--- START ---
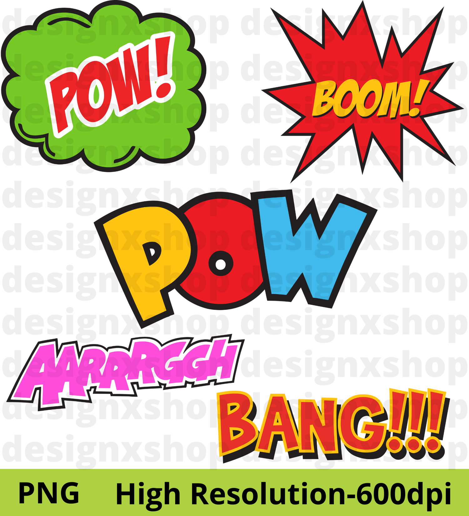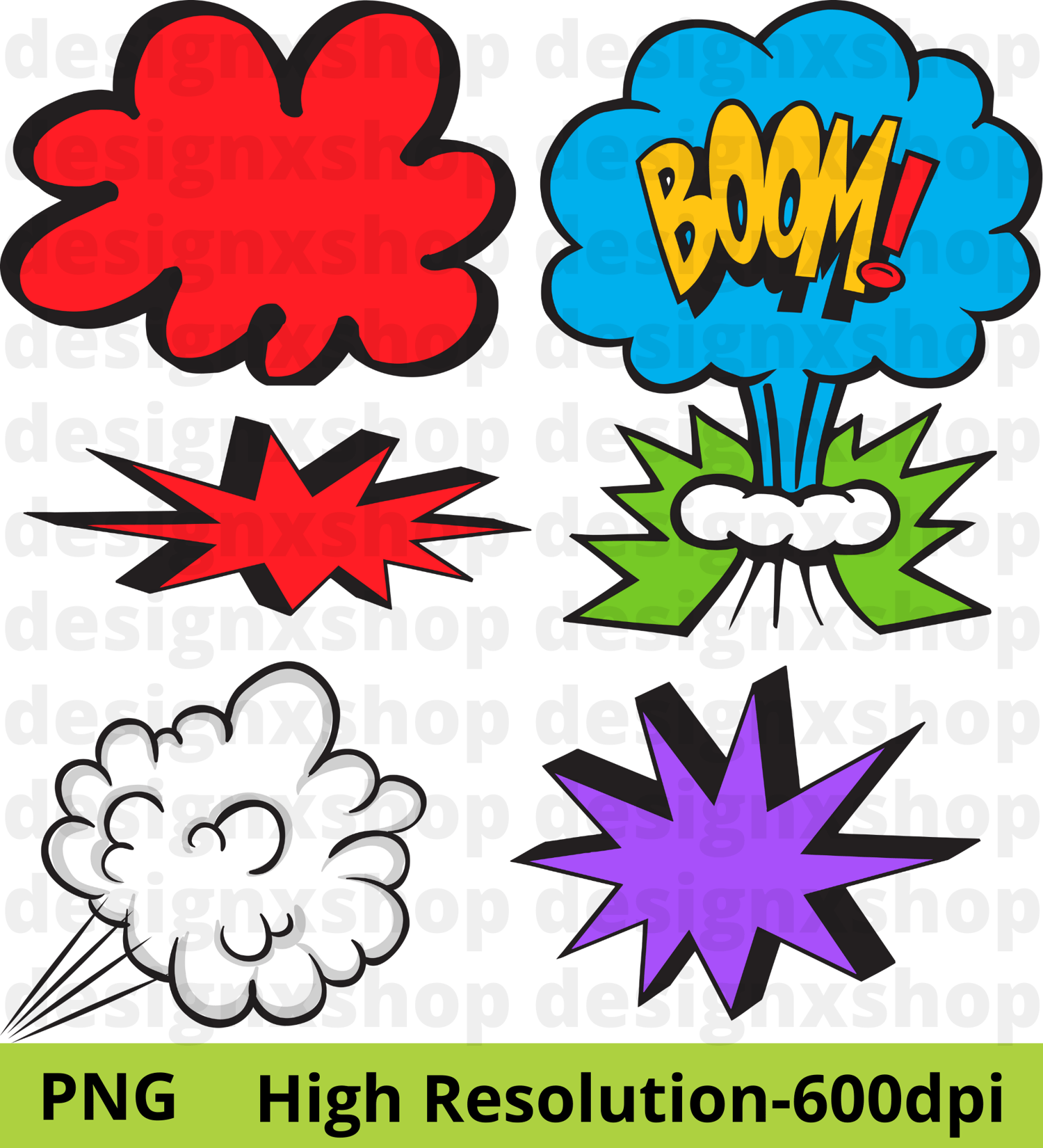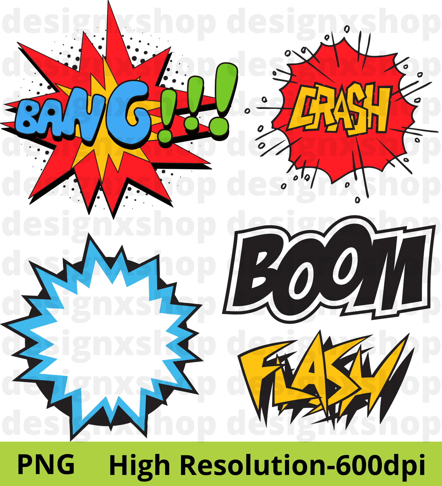 Comic Style Action Bubbles, Comic Book clipart, Superheroes clipart, Pop Art, Text Props, Birthday Bundle, Comic Balloon Bubble Art SVG
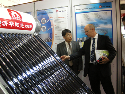 此次清華陽(yáng)光展出了高端產(chǎn)品-CPC集熱器,吸引了來(lái)自德國(guó)、瑞士、羅馬尼亞、波蘭、印度尼西亞、日本等國(guó)眾多參觀者的關(guān)注,當(dāng)場(chǎng)即表現(xiàn)出了采購(gòu)或合作意向。同時(shí),利用此次參展機(jī)會(huì),我們特地約見(jiàn)了幾家之前合作過(guò)的國(guó)外企業(yè),面對(duì)面的會(huì)談加深了彼此的信任感,也更加堅(jiān)定了合作的意念。
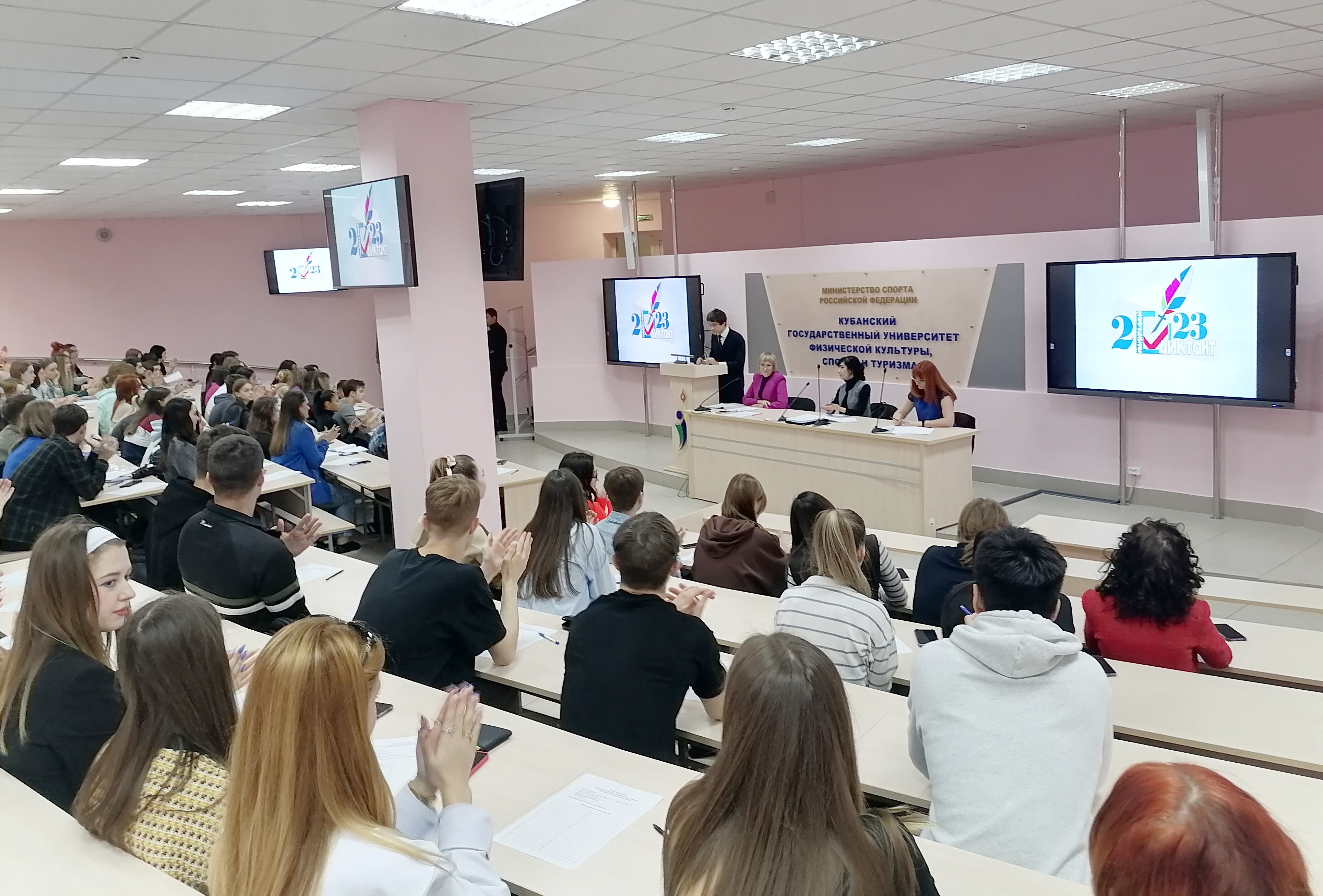 Сегодня на базе Кубанского государственного университета физической культуры, спорта и туризма состоялся Избирательный диктант. В образовательной акции приняли участие около 80 студентов 1-4 курсов факультета сервиса и туризма. Участники диктанта проверили свои знания в области избирательного права, письменно отвечая на вопросы по этой теме. Во второй части диктанта студентам необходимо было развернуто ответить на вопрос творческого характера.
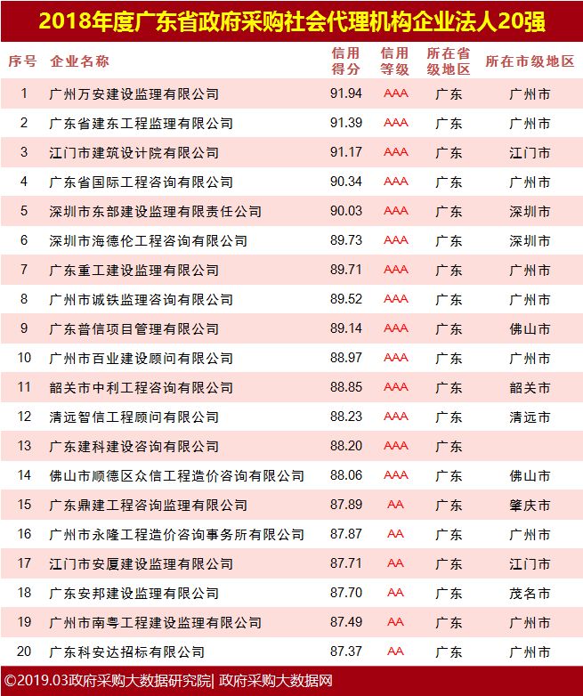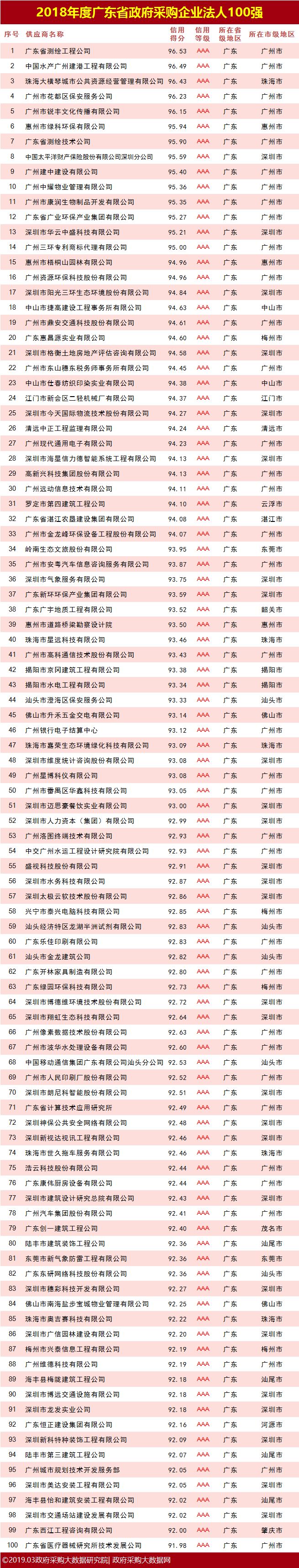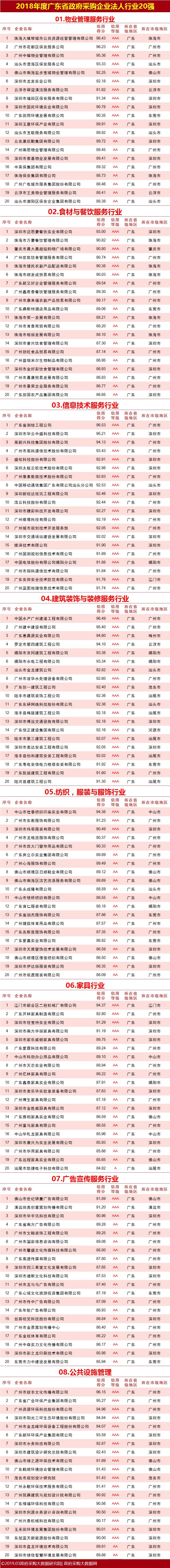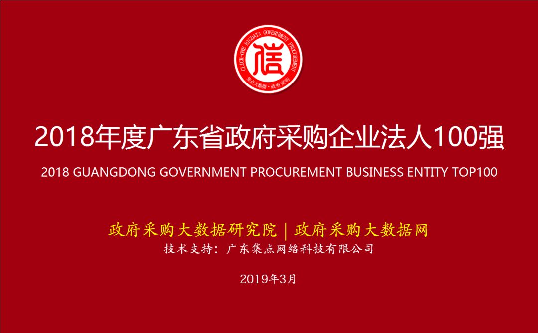 政府采购大数据|2018年度广东省政府采购企业法人诚信100强暨行业20强榜单发布
--- END ---
Please repeat the listing precisely, excluding the pictures it contains.

 Comic Style Action Bubbles, Comic Book clipart, Superheroes clipart, Pop Art, Text Props, Birthday Bundle, Comic Balloon Bubble Art SVG
 此次清華陽(yáng)光展出了高端產(chǎn)品-CPC集熱器,吸引了來(lái)自德國(guó)、瑞士、羅馬尼亞、波蘭、印度尼西亞、日本等國(guó)眾多參觀者的關(guān)注,當(dāng)場(chǎng)即表現(xiàn)出了采購(gòu)或合作意向。同時(shí),利用此次參展機(jī)會(huì),我們特地約見(jiàn)了幾家之前合作過(guò)的國(guó)外企業(yè),面對(duì)面的會(huì)談加深了彼此的信任感,也更加堅(jiān)定了合作的意念。
 Сегодня на базе Кубанского государственного университета физической культуры, спорта и туризма состоялся Избирательный диктант. В образовательной акции приняли участие около 80 студентов 1-4 курсов факультета сервиса и туризма. Участники диктанта проверили свои знания в области избирательного права, письменно отвечая на вопросы по этой теме. Во второй части диктанта студентам необходимо было развернуто ответить на вопрос творческого характера.
 政府采购大数据|2018年度广东省政府采购企业法人诚信100强暨行业20强榜单发布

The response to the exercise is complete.